_DATASET EXCERPTS_
____

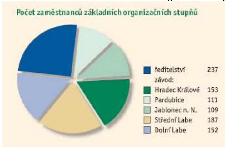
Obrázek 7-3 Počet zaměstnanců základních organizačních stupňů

____

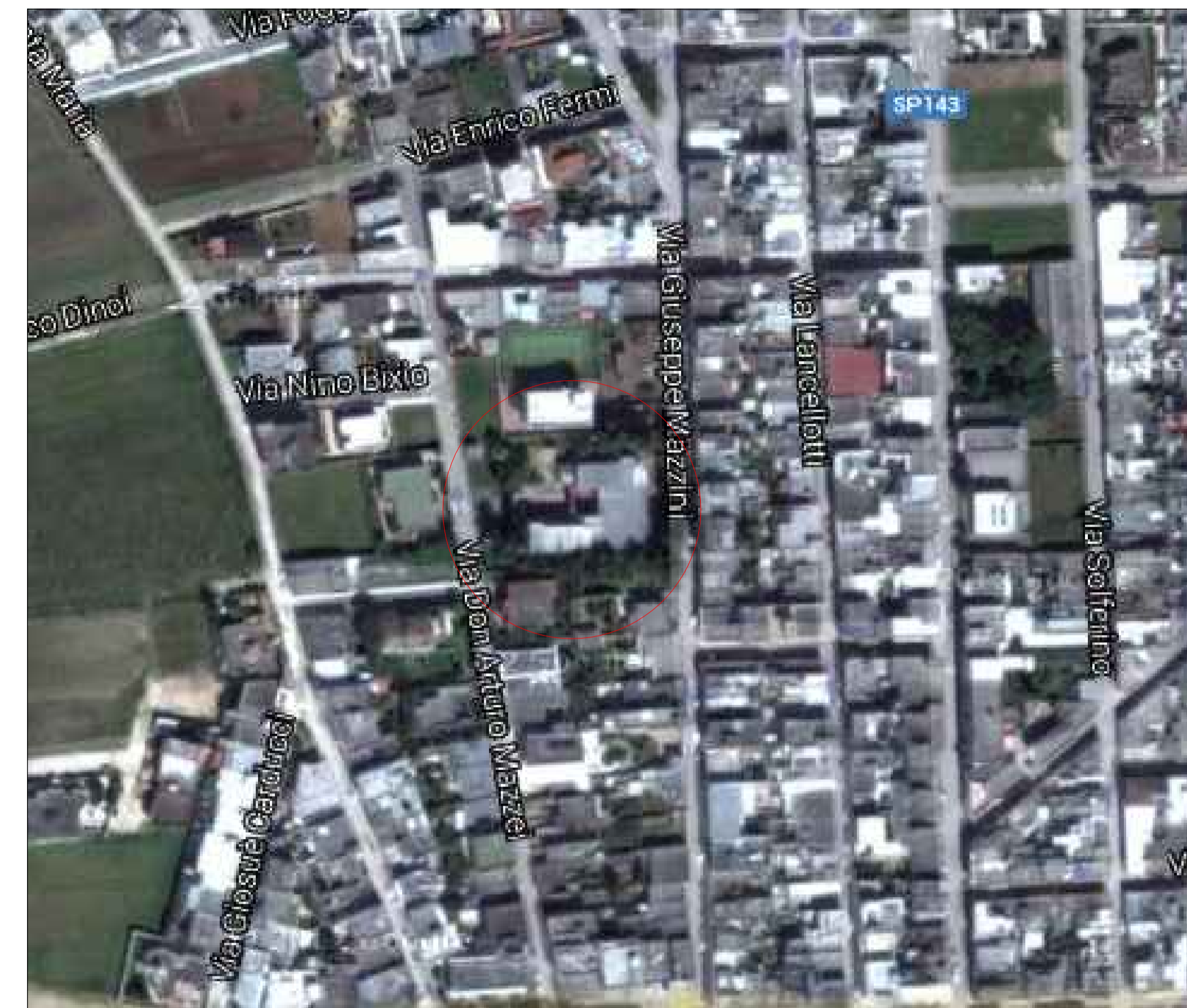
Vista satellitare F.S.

____

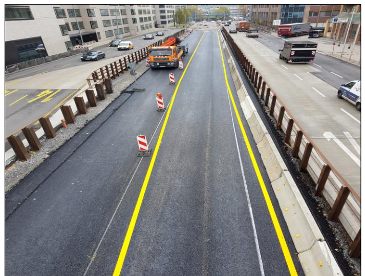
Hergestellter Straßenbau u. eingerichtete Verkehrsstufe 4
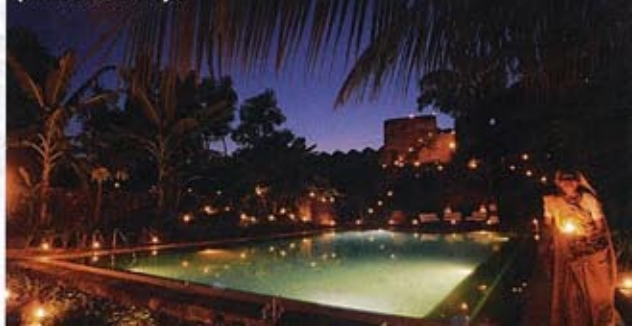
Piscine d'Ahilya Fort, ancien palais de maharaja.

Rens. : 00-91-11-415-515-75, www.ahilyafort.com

____

_PROBLEM REQUIREMENTS_
An exact copy of the lines above from the one with "Hergestellter Straßenbau u." up to and including the one with "Rens. : 00-91-11-415-515-75, www.ahilyafort.com" is required; reproduce only those lines, omitting all pictures.

_EXERCISE RESPONSE_
Hergestellter Straßenbau u. eingerichtete Verkehrsstufe 4
Piscine d'Ahilya Fort, ancien palais de maharaja.

Rens. : 00-91-11-415-515-75, www.ahilyafort.com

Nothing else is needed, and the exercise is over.